Records from a data collection
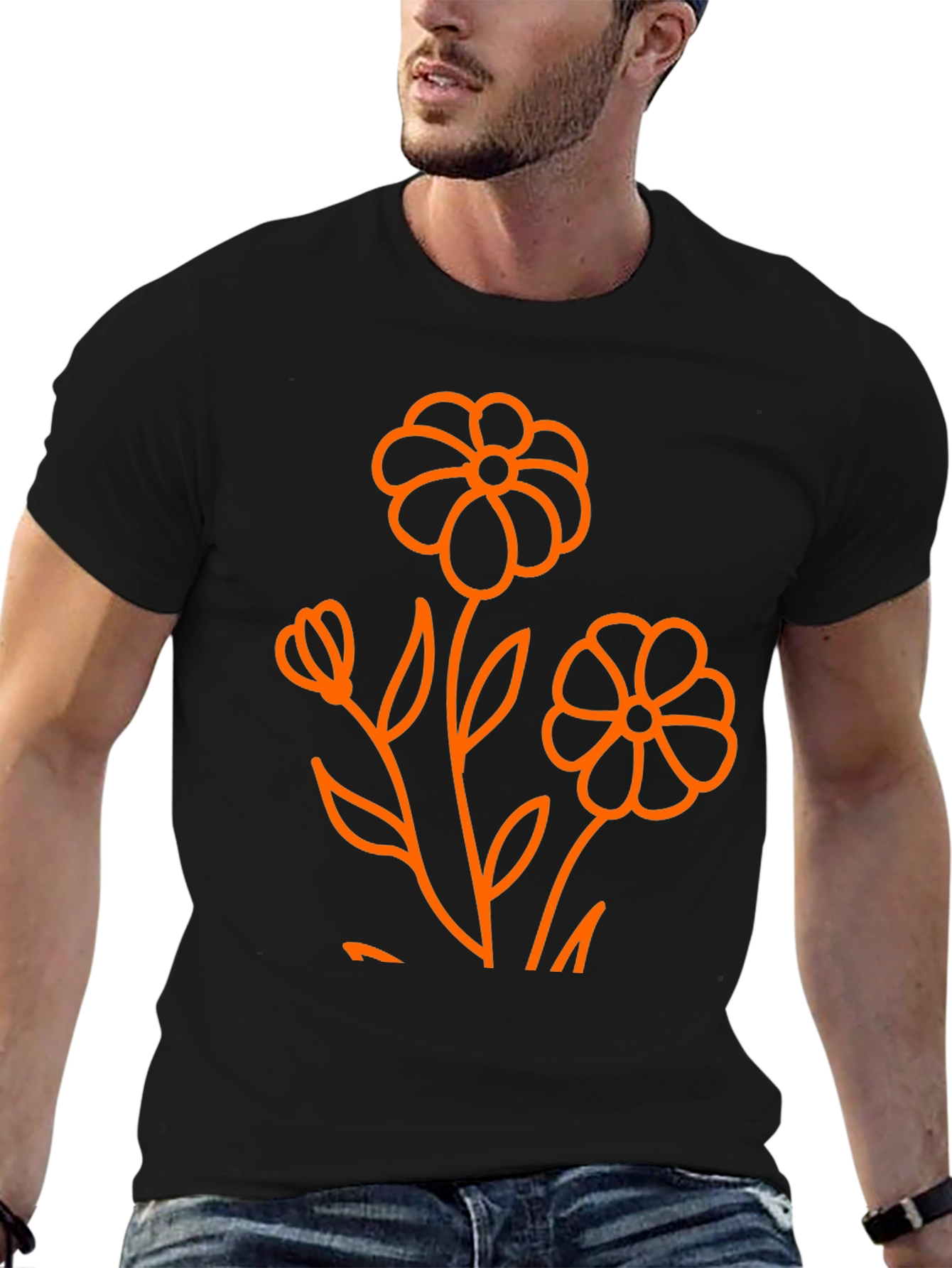 This classic black t-shirt features a striking orange floral design, perfect for adding a pop of color to your casual wardrobe. The shirt appears to be made from a comfortable, breathable fabric, likely cotton or a cotton blend, ensuring all-day wearability. The minimalist yet eye-catching floral graphic is stylish and versatile, making it easy to pair with jeans, shorts, or skirts. Ideal for everyday wear, casual outings, or as a fun statement piece, this t-shirt offers both comfort and effortless style. A must-have for any fashion-forward individual seeking a unique and expressive look.
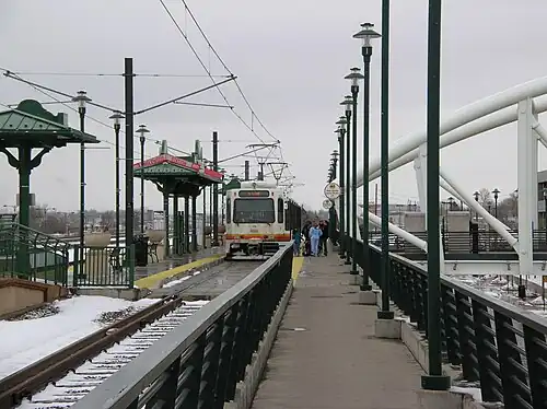 Englewood station is a RTD light rail station in Englewood, Colorado, United States. Operating as part of the D Line, the station was opened on July 14, 2000, and is operated by the Regional Transportation District.[4][5] It serves the Englewood City Center, site of the former Cinderella City Mall.[6]
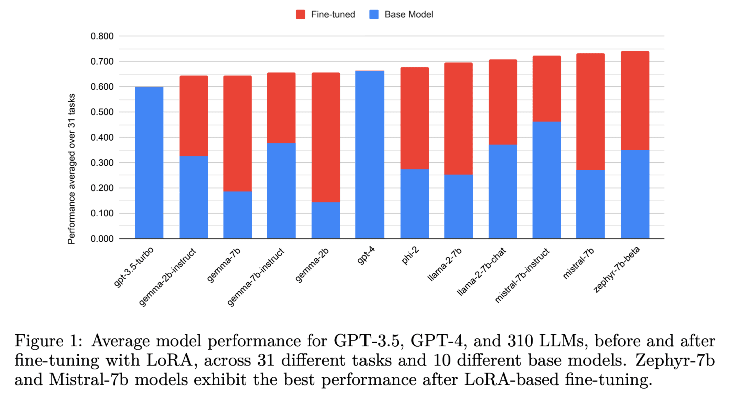 The main finding from the study (see above figure) was that, for the tasks considered, 6 of the 10 small models outperformed GPT-4 on average after fine-tuning. And all 10 smaller models outperformed GPT-3.5-Turbo. We see significant improvements from fine-tuning small base models relative to the base model (i.e., the length of the red bars).
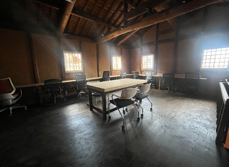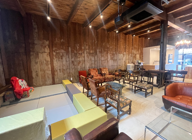 今回完成した建物は1階をソファやキッズスペース、120インチのプロジェクター、フリードリンクなどを整え、自分の家の延長として、子供と一緒にのんびりしたり、ご近所さんとおしゃべりしたり、映画をみんなでみたりできる環境づくりを目指しており、2階は、オーフィスチェアを用意し、仕事や、中高生の宿題や試験勉強ができる場として活用できる環境に仕上げています。
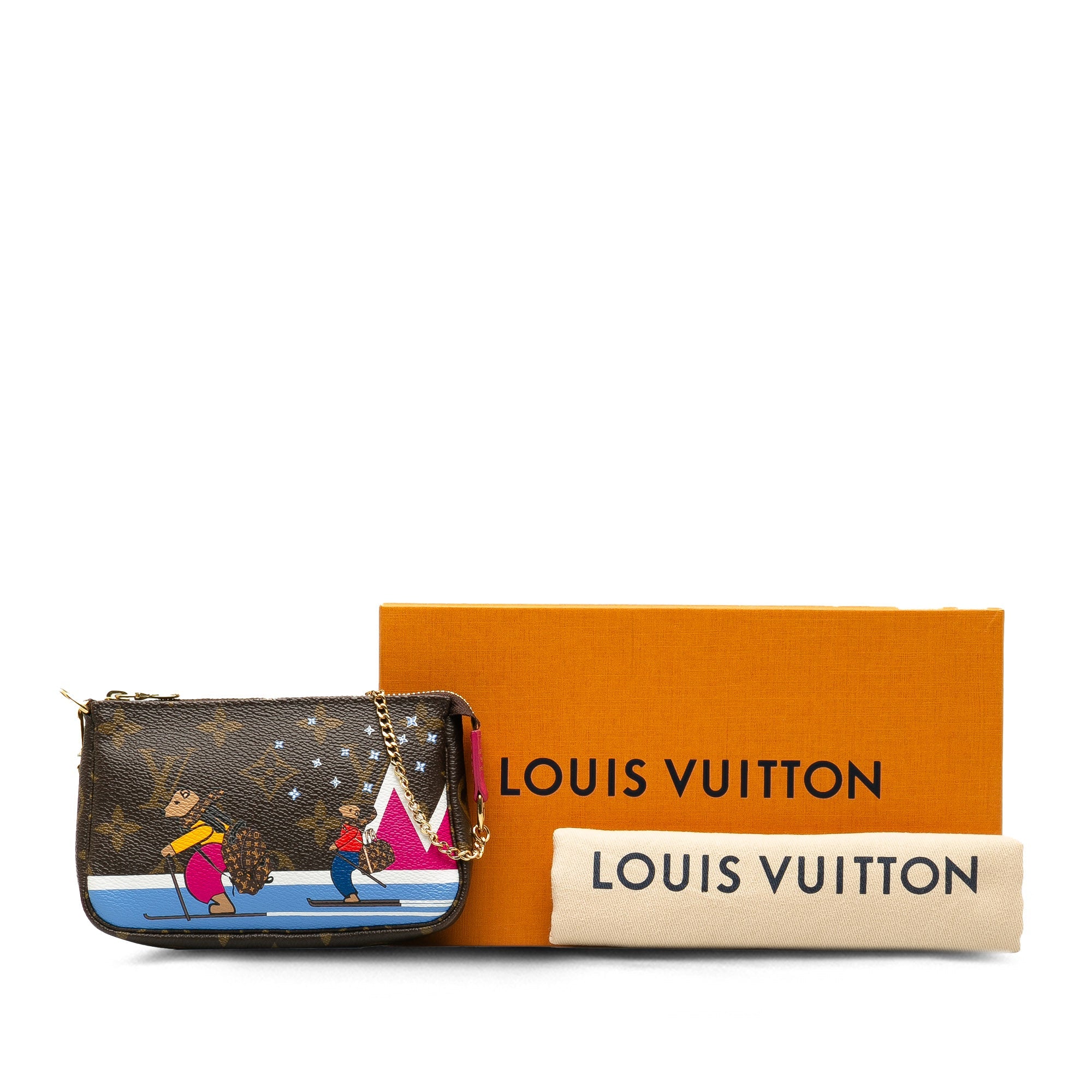 Please note this is a item that may display NEWconsistent with the listed above and shown in photos. Designer Revival s this is an Brown LV Monogram Bears on Skis Christmas Animation Mini Pochette Accessories Shoulder Bag .

- PROBLEM STATEMENT -
Going by the data above, the answer is exactly the lines from the one holding "The main finding" to the one holding "今回完成した建物は1階をソフ", both kept, with the pictures left out.

- EXERCISE RESULT -
 The main finding from the study (see above figure) was that, for the tasks considered, 6 of the 10 small models outperformed GPT-4 on average after fine-tuning. And all 10 smaller models outperformed GPT-3.5-Turbo. We see significant improvements from fine-tuning small base models relative to the base model (i.e., the length of the red bars).
 今回完成した建物は1階をソファやキッズスペース、120インチのプロジェクター、フリードリンクなどを整え、自分の家の延長として、子供と一緒にのんびりしたり、ご近所さんとおしゃべりしたり、映画をみんなでみたりできる環境づくりを目指しており、2階は、オーフィスチェアを用意し、仕事や、中高生の宿題や試験勉強ができる場として活用できる環境に仕上げています。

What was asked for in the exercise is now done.